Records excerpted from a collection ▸
--- START ---

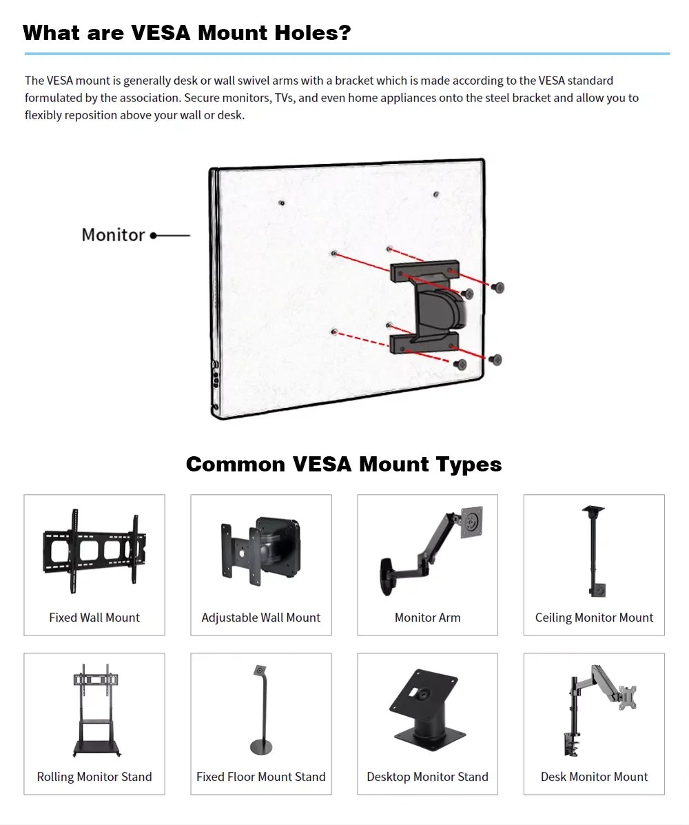Standard 75*75 VESA Mount Hole for More Scenarios
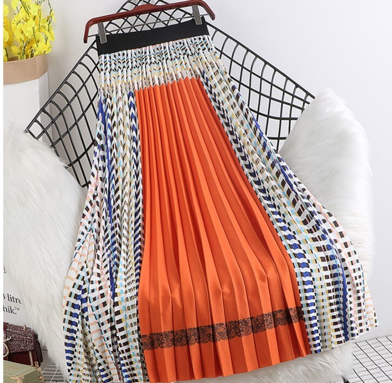 柄プリント プリーツスカート マルチカラー 春夏秋 大人きれい ミモレ丈 オフィスコーデ sk0250
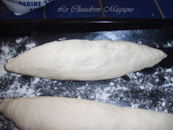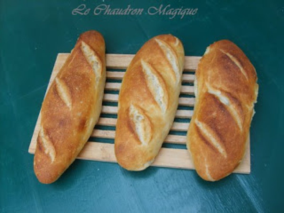Façonner les pâtons en baguettes sans trop travailler la pâte. Eliminer le trop de farine avec un pinceau. Couvrir et laisser monter 1 heure environ. Pendant ce temps, préchauffer le four à 240°; y mettre un moule allant au four rempli d'eau.- Faire 3 incisions par baguette avec une lame de rasoir humidifiée puis les vaporiser d'eau à l'aide d'un brumisateur ou éventuellement au pinceau. Enfourner et cuire environ 20 minutes, Lorsqu'il est bien doré éteindre le four et le laisser encore 5 minutes. Refroidir sur une grille.
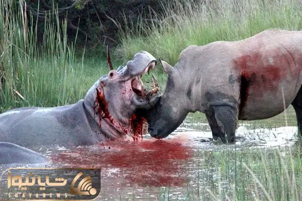از جذابیت های حیات وحش؛ کرگدن هار شد و شاخ قوی خودش رو فرو کرد تو غبغب اسب آبی
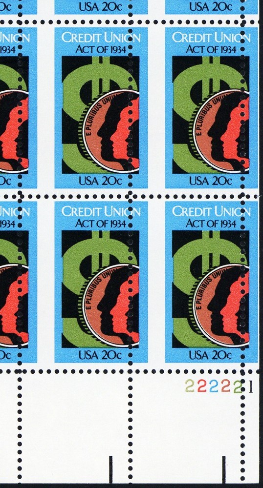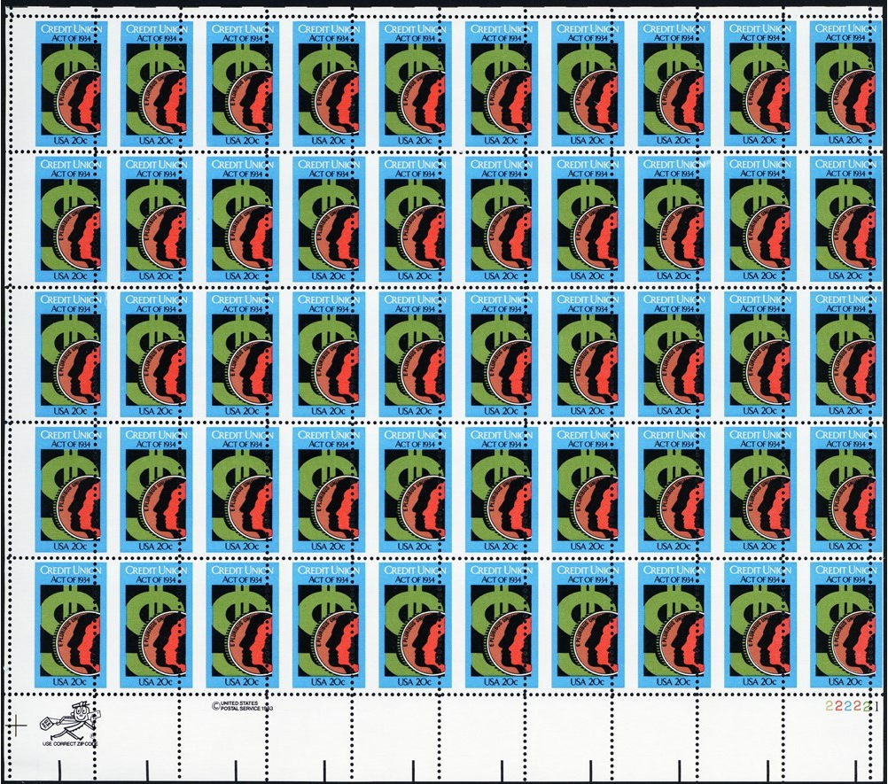 2075, RARE ERROR Sheet of 50 20¢ Stamps Credit Union Mint NH - Stuart Katz
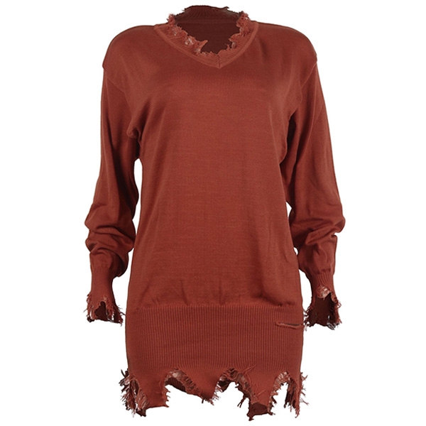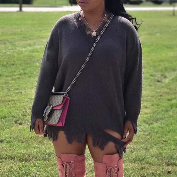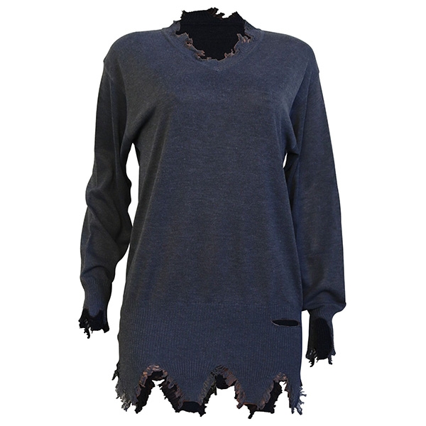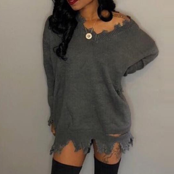 cozy knitted fabric can give you a comfortable day. And the ripped details will make this piece look
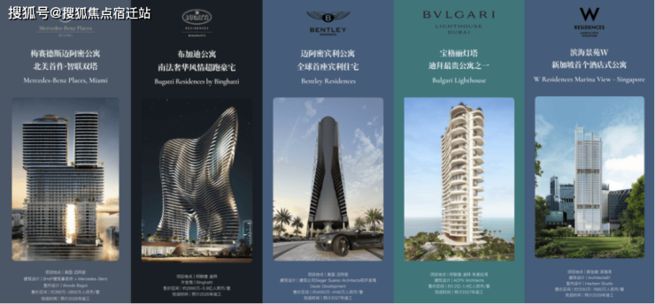 梅赛德斯迈阿密公寓、迪拜布加迪公寓、迈阿密宾利公寓、迪拜阿玛尼公寓、Maison Margiela公寓、宝格丽灯塔公寓、新加坡W公寓……

--- END ---

Description of the task ▸
Would you restate word for word only the lines from the line with "2075, RARE ERROR" to the last line above, with the pictures left out?

Task response ▸
 2075, RARE ERROR Sheet of 50 20¢ Stamps Credit Union Mint NH - Stuart Katz
 cozy knitted fabric can give you a comfortable day. And the ripped details will make this piece look
 梅赛德斯迈阿密公寓、迪拜布加迪公寓、迈阿密宾利公寓、迪拜阿玛尼公寓、Maison Margiela公寓、宝格丽灯塔公寓、新加坡W公寓……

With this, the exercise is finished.